R/fitGOProfile.R

Defines functions `fitGOProfile`

`fitGOProfile` <-
function(pn, p0, n = ngenes(pn),
    method = "lcombChisq", ab.approx = "asymptotic", confidence = 0.95, simplify=T)
{
#
# Does a "sample" GO profile 'pn', observed in a sample of 'n' genes, fit a
# "population" or "model" p0?
#
# Description:
# 'fitGOProfile' implements some inferential procedures to solve the preceding question.
# These procedures are based on asymptotic properties of the squared euclidean distance
# between the contracted versions of pn and p0
#
# Usage:
#   fitGOProfile(pn, p0, n = ngenes(pn),
#       method = "lcombChisq", ab.approx = "asymptotic", confidence = 0.95, simplify=T)
#
# Arguments:
# pn:           an object of class ExpandedGOProfile representing one or more
#               "sample" expanded GO profiles for a fixed ontology (see the 'Details' section)
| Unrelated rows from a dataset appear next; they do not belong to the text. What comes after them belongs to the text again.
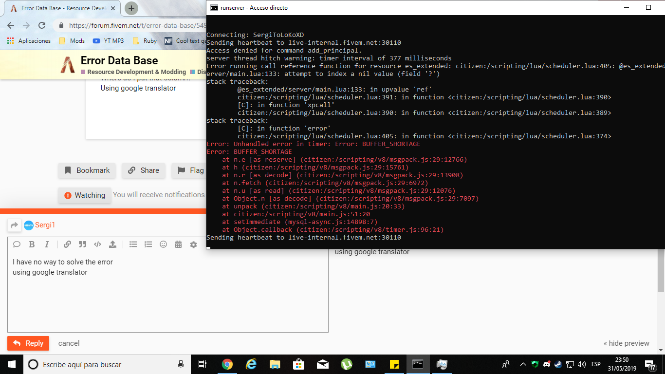 Error running call reference function for resource es_extended: citizen:/scripting/lua/scheduler.lua:405: @es_extended/server/main.lua:141: attempt to index a nil value (field '?')
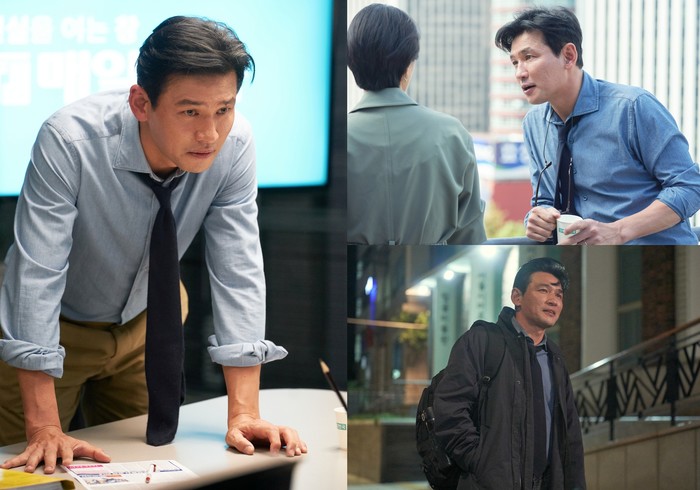 황정민이 선택한 ‘허쉬’의 한준혁은 한때 열정 충만한 베테랑 기자였지만 이제는 관심보다 무관심으로, 똘기보다 취기로 버티는 ‘고인물’ 기자다.
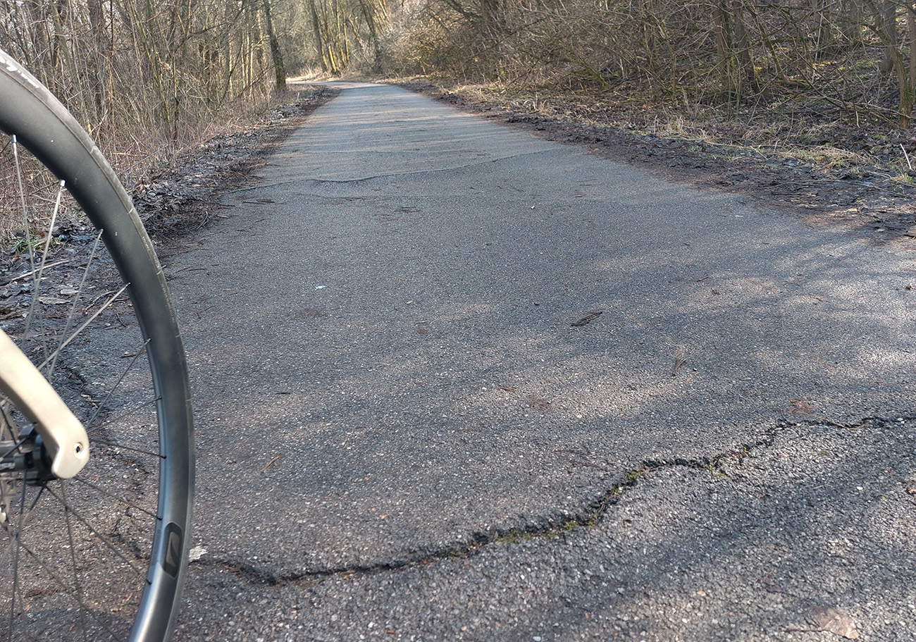 Potom už nekonečné roviny popri vode, s rastúcimi továrenskými komínmi v diaľke. A hustnúca premávka – všeeeetci sú tam, lebo je konečne príjemne teplo a ešte aj nedeľa. V lete budú na opačnej strane, lebo tam je viac tieňa. Niekde v polovici je možnosť skrátiť si okruh mostíkom na druhý breh, ale samozrejme valím až pod elektráreň.
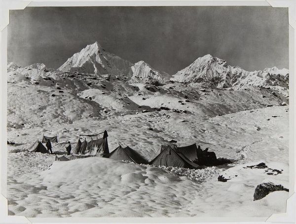 Curator: This is Vittorio Sella’s, On the Baltoro Glacier, a landscape photograph housed here at the Harvard Art Museums. It depicts a stark, mountainous scene. Editor: My first impression is of immense scale, coldness, and an overwhelming sense of geological time. Curator: Sella was renowned for his technical mastery of large-format photography. His process involved arduous climbs with heavy equipment to capture these remote locations. The print itself becomes a testament to labor. Editor: Indeed. And the images quickly became associated with adventure and exploration, shaping public perception of these distant, inaccessible places. They served a socio-political function in framing notions of wilderness. Curator: Precisely. The materiality of the photograph—the paper, the chemical processes—links it to a specific moment in photographic technology and its dissemination. Editor: Yes, but also consider how the image itself, widely circulated, contributes to the mythology and narratives we create around untouched landscapes. Curator: So, in essence, the material and the historical context are inseparable. Editor: Exactly. A chilling, but vital piece for us to consider today. Curator: I agree, and a reminder of the tangible processes behind even the most seemingly timeless images.
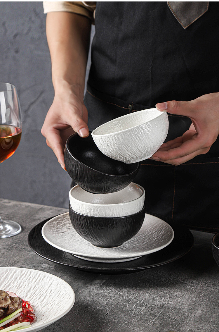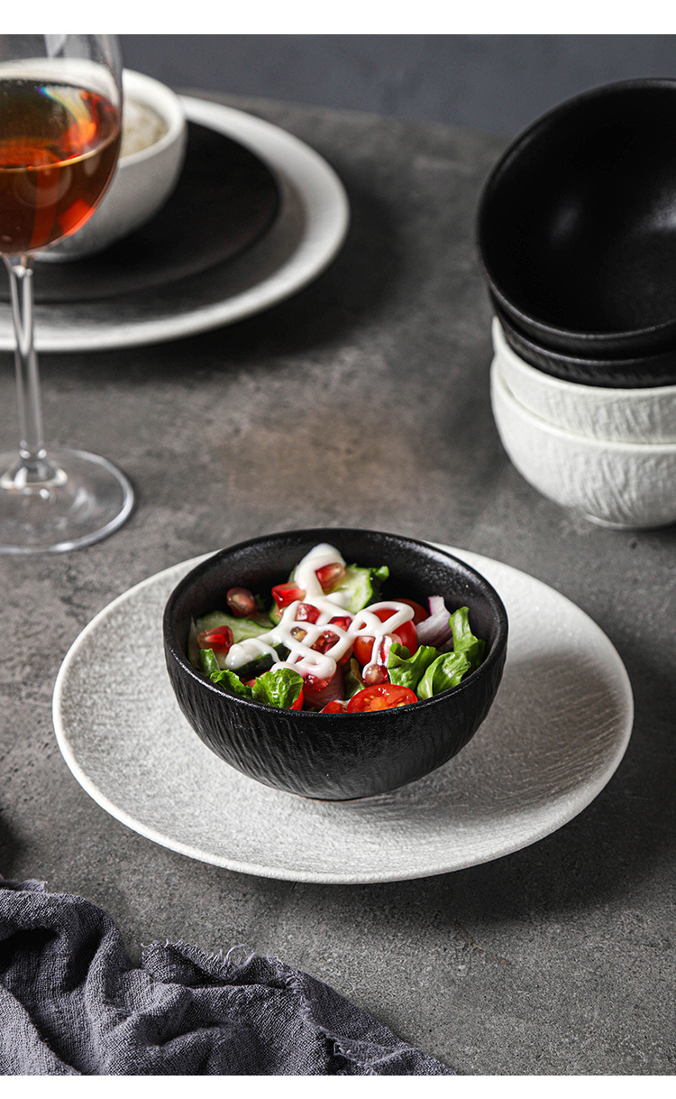 岩石纹理简约陶瓷西餐餐具黑白碗盘碟餐厅酒店高级摆盘水果沙拉碗

# p0:           an object of class ExpandedGOProfile representing one or more
#               "population" or "theoretical" expanded GO profiles (see also the 'Details' section)
# n:            a numeric vector with the number of genes profiled in each column of pn.
#               This parameter is included to allow the possibility of exploring
#               the consequences of varying sample sizes, other than the true sample size in pn.
# method:       the approximation method to the sampling distribution under the null hypothesis "p = p0", where p is the
#               "true" population profile originating each column of pn. See the 'Details' section below
# confidence:   the confidence level of the confidence interval in the result
# simplify:     should the result be simplified, if possible? See the 'Details' section
#
# Details:
# An object of class 'ExpandedGOProfile' is, essentially, a 'data.frame' object
# with each column representing the relative frequencies in all observed node
# combinations, resulting from profiling a set of genes, for a given and fixed
# ontology. The row.names attribute codifies the node combinations and each
# data.frame column (say, each profile) has an attribute, 'ngenes', indicating the
# number of profiled genes. (Actually, the 'ngenes' attribute of each 'p0' column
# is ignored and is taken as if it were infinite, 'Inf'.)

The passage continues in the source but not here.